And in regards of the question, if you're using convention #1, then your matrices are column-major. And if you're using convention #2, then they're row major. However, memory layout is the same in both cases
[vx.x vx.y vx.z 0 vy.x vy.y vy.z 0 vz.x vz.y vz.z 0 pos.x pos.y pos.z 1]
Which is why I said it is easier to memorize which element is which, 9 years ago.
To summarize the answers by SigTerm and dsharlet: The usual way to transform a vector in GLSL is to right-multiply the transformation matrix by the vector:
mat4 T; vec4 v; vec4 v_transformed;
v_transformed = T*v;
In order for that to work, OpenGL expects the memory layout of T to be, as described by SigTerm,
{1, 0, 0, 0, 0, 1, 0, 0, 0, 0, 1, 0, transX, transY, transZ, 1 }
which is also called 'column major'. In your shader code (as indicated by your comments), however, you left-multiplied the transformation matrix by the vector:
v_transformed = v*T;
which only yields the correct result if T is transposed, i.e. has the layout
{ 1, 0, 0, transX, 0, 1, 0, transY, 0, 0, 1, transZ, 0, 0, 0, 1 }
(i.e. 'row major'). Since you already provided the correct layout to your shader, namely row major, it was not necessary to set the transpose flag of glUniform4v.
You are dealing with two separate issues.
First, your examples are dealing with the memory layout. Your [4][4] array is row major because you've used the convention established by C multi-dimensional arrays to match your linear array.
The second issue is a matter of convention for how you interpret matrices in your program. glUniformMatrix4fv is used to set a shader parameter.
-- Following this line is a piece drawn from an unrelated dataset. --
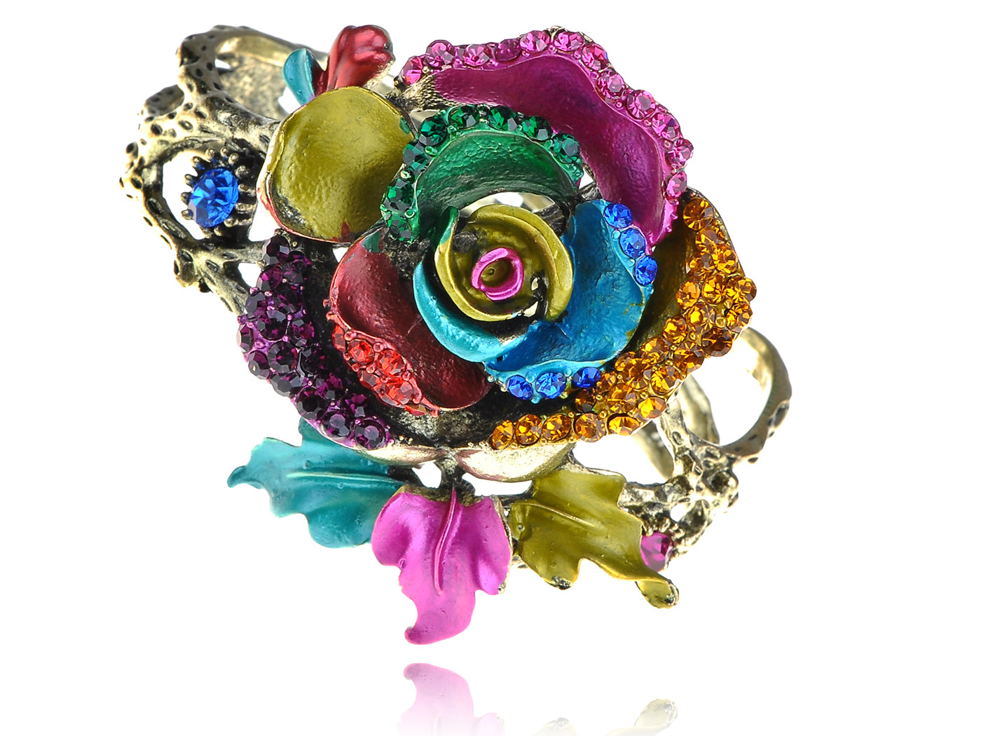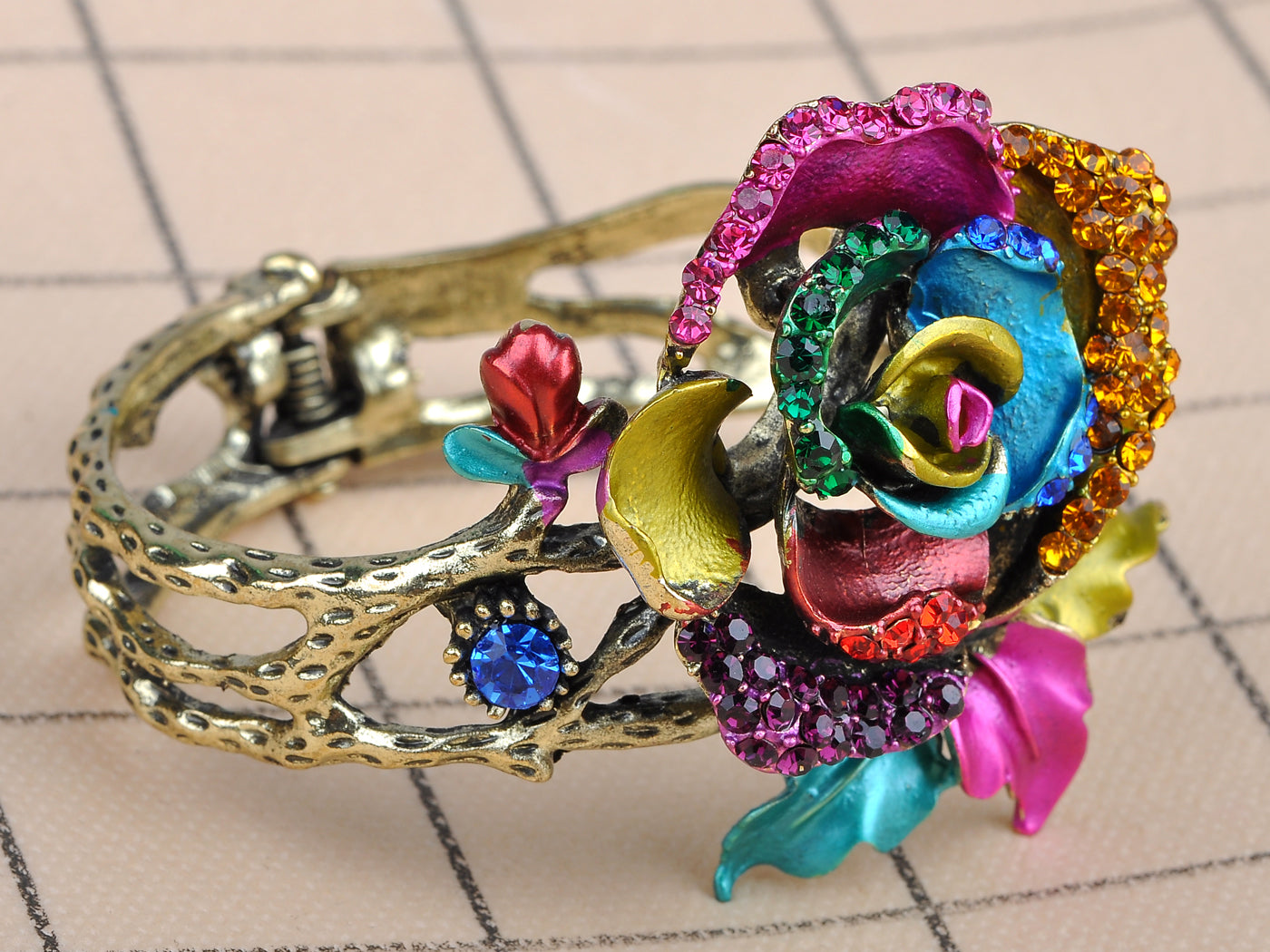 - ORIGINAL DESIGN - Very unique colorful rainbow design. This rose gets all its colors from vibrant enamel paint on the petals. Beautiful bronze colored metal makes up the rest of the bangle.

Whether your transform is computed for a row vector or column vector transform is a matter of how you use the matrix in your shader code. Because you say you need to use column vectors, I assume your shader code is using the matrix A and a column vector x to compute x' = A x.
I would argue that the documentation of glUniformMatrix is confusing. The description of the transpose parameter is a really roundabout way of just saying that the matrix is transposed or it isn't. OpenGL itself is just transporting that data to your shader, whether you want to transpose it or not is a matter of convention you should establish for your program.
This link has some good further discussion: http://steve.hollasch.net/cgindex/math/matrix/column-vec.html
I think that the existing answers here are very unhelpful, and I can see from the comments that people are left feeling confused after reading them, so here is another way of looking at this situation.
As a programmer, if I want to store an array in memory, I cannot store a rectangular grid of numbers, because computer memory doesn't work like that, I have to store the numbers in a linear sequence.
Lets say I have a 2x2 matrix and I initialize it in my code like this:
const matrix = [a, b, c, d];
I can successfully use this matrix in other parts of my code provided I know what each of the array elements represents.
The OpenGL specification defines what each index position represents, and this is all you need to know to construct an array and pass it to OpenGL and have it do what you expect.
The row or column major issue only comes into play when I want to write my matrix in a document that describes my code, because mathematicians write matrixes as rectangular grids of numbers. However this is just a convention, a way of writing things down, and has no impact on the code I write or the arrangement of numbers in memory on my computer. You could easily re-write these mathematics papers using some other notation, and it would work just as well.
For the array above, I have two options for writing this array in my documentation as a rectangular grid:
|a b| OR |a c|
|c d| |b d|
Whichever way I choose to write my documentation, this will have no impact on my code or the order of the numbers in memory on my computer, it's just documentation.
In order for people reading my documentation to know the order that I stored the values in the linear array in my program, I can specify that this is a column major or row major representation of the array as a matrix. If it is in column major order then I should traverse the columns to get the linear arrangement of numbers. If this is a row major representation then I should traverse the rows to get the linear arrangement of numbers.
In general, writing documentation in row major order makes life easier for programmers, because if I want to translate this matrix
|a b c|
|d e f|
|g h i|
into code, I can write it like this:
const matrix = [
a, b, c
d, e, f
g, h, i
];
For example:
GLM stores matrix values as m[4][4]. But it treats matrices as if they have a column major order. Even though for 2 dimensional array m[x][y] in C x represents a row and y represents a column, which means that matrix represented by this array has in fact row major order. The trick is to treat m[x][y] as if x represents a column and y represents a row. It is like you transposing the matrix without performing any additional operations to achieve that.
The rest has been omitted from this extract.